2023-08-28 22:18:19,644 - training - INFO - Training model
2023-08-28 22:18:19,651 - training - INFO - Model saved at /Users/macos/projects/Kelvin/ML_DevOps_Engineer/nd0821-c4-KhoiVN1/models/trainedmodel.pkl
2023-08-28 22:18:19,651 - __main__ - INFO - Re-deploying
2023-08-28 22:18:19,652 - deployment - INFO - All files saved at /Users/macos/projects/Kelvin/ML_DevOps_Engineer/nd0821-c4-KhoiVN1/production_deployment

confusion_matrix2 full_process

Code Quality

Style Guide - Format your refactored code using PEP 8 – Style Guide. Running the command below can assist with formatting. To assist with meeting pep 8 guidelines, use autopep8 via the command line commands below:

autopep8 --in-place --aggressive --aggressive .

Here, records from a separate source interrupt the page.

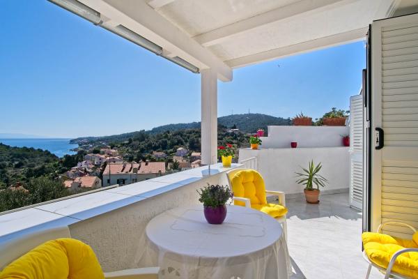 Zelo lep apartma, urejen, čist popolnoma opremljen s čudovito teraso s prekrasnim pogledom na morje. Nastanitev kakršno si lahko samo želiš. Vse pohvale prijazni lastnici gospe Ani za njeno toplo prijaznost in zahvala za vse nasvete glede zanimivosti otoka in skrbi za prijetno počutje.Res sva preživela čudovite počitnice pri ga.Ani in želiva in verjameva da se še vrneva v to nastanitev.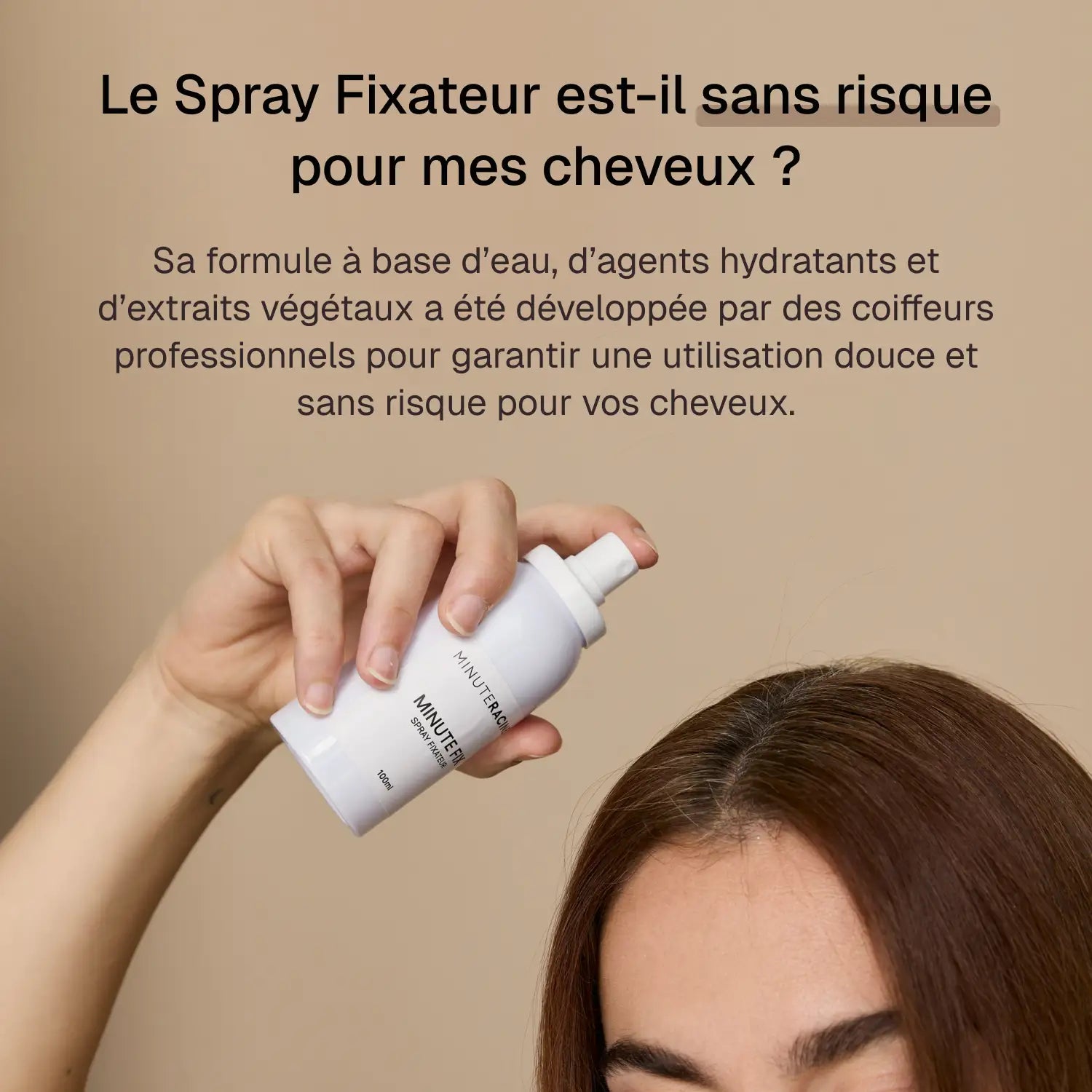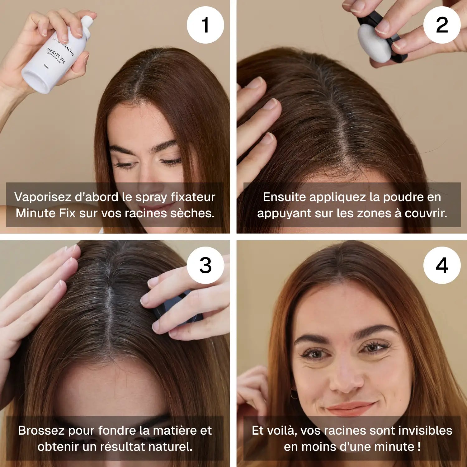 - Vaporisez d’abord le spray fixateur Minute Fix sur vos racines sèches.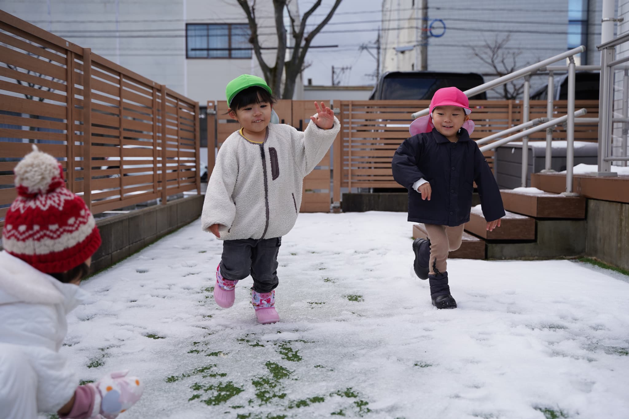 しゃりしゃりした雪の感触を全身で楽しむ子どもたちでした🙌🦶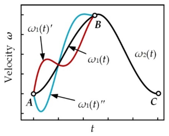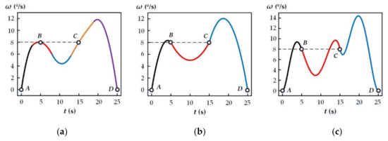 Figure 14 is the angular velocity curves obtained by these three methods. In Figure 14a, the velocity curves obtained by the proposed method are smooth, the velocity fluctuation is gentle, and the variation trend is roughly similar to that in Figure 14b by the cubic polynomial. In Figure 14b, the overall velocity waveform by a cubic polynomial is simple and appropriate. However, there are turning points at junctions B and C, which will lead to discontinuous angular acceleration at the connection points. In Figure 14c, the overall fluctuation of the velocity curves by a quintic polynomial is obviously large. In particular, because of inappropriate preset angular acceleration at point C, the velocity near point C fluctuates back and forth sharply, which is not conducive to the control of joint rotation speed. This shows that quintic polynomial planning is likely to cause angular velocity to fluctuate too much. Moreover, the higher the order of the polynomial is, the higher the velocity peak will be, which makes greater volatility. These are the weaknesses of quintic polynomial planning.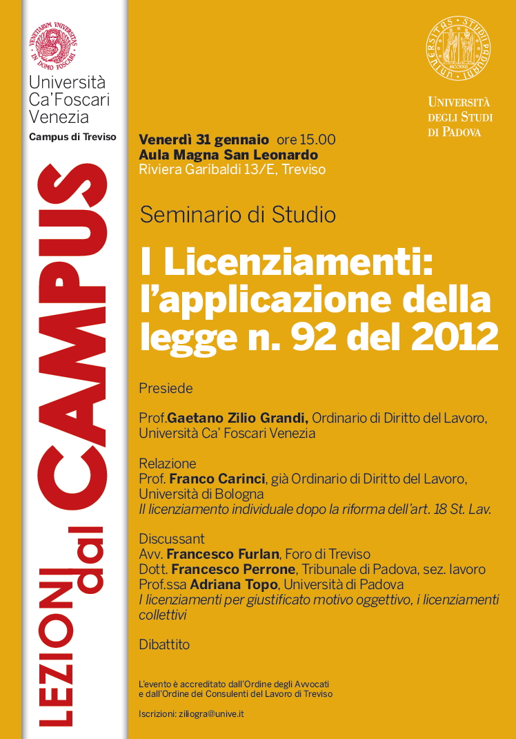 Da Ven, 31/01/2014 a Ven, 31/01/2014 Mode On-site-only 14/11/2022 TREVISO - I Licenziamenti: l’applicazione della legge n. 92 del 2012 on-site only | Riviera Garibaldi 13/E - 15.00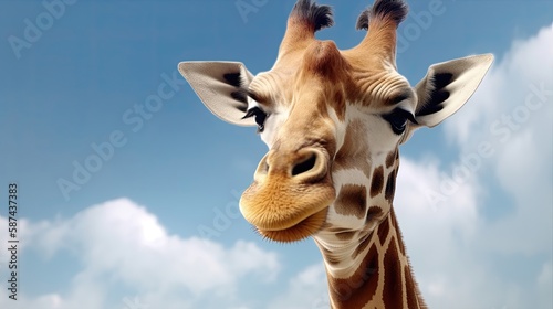 giraffe, animal, mammal, fauna, neck, zoo, safari, wild, nature, tall, head, sky, long, portrait, blue, advertising space, brown, beak, isolated, big, mouth, horizontal, generative, ai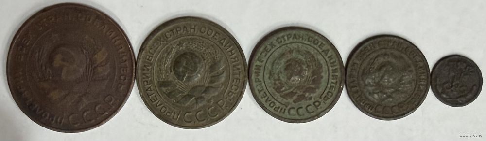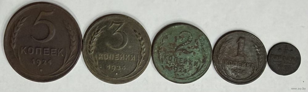 5 копеек, 3 копеек, 2 копейки, 1 копейка, 1/2 копейки - все 1924 года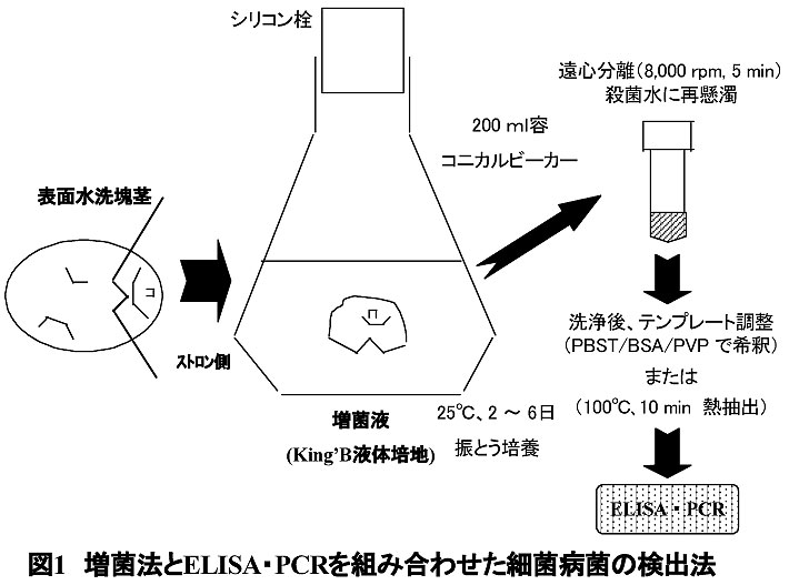 - 上記の増菌法とELISAを組み合わせた検定法は、輪腐病菌を除く、他の病原菌の検出に、また増菌法とPCRを組み合わせた検定法は、上記全ての菌種の保菌塊茎からの検出を可能にする。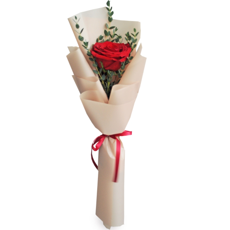 Букет состоит из 1 красная роза, зелень, крафт, атласная лента.

Style Checking and Error Spotting - Use Pylint for the code analysis looking for programming errors, and scope for further refactoring. You should check the pylint score using the command below.

pylint -rn -sn .

Docstring - All functions and files should have document strings that correctly identifies the inputs, outputs, and purpose of the function. All files have a document string that identifies the purpose of the file, the author, and the date the file was created.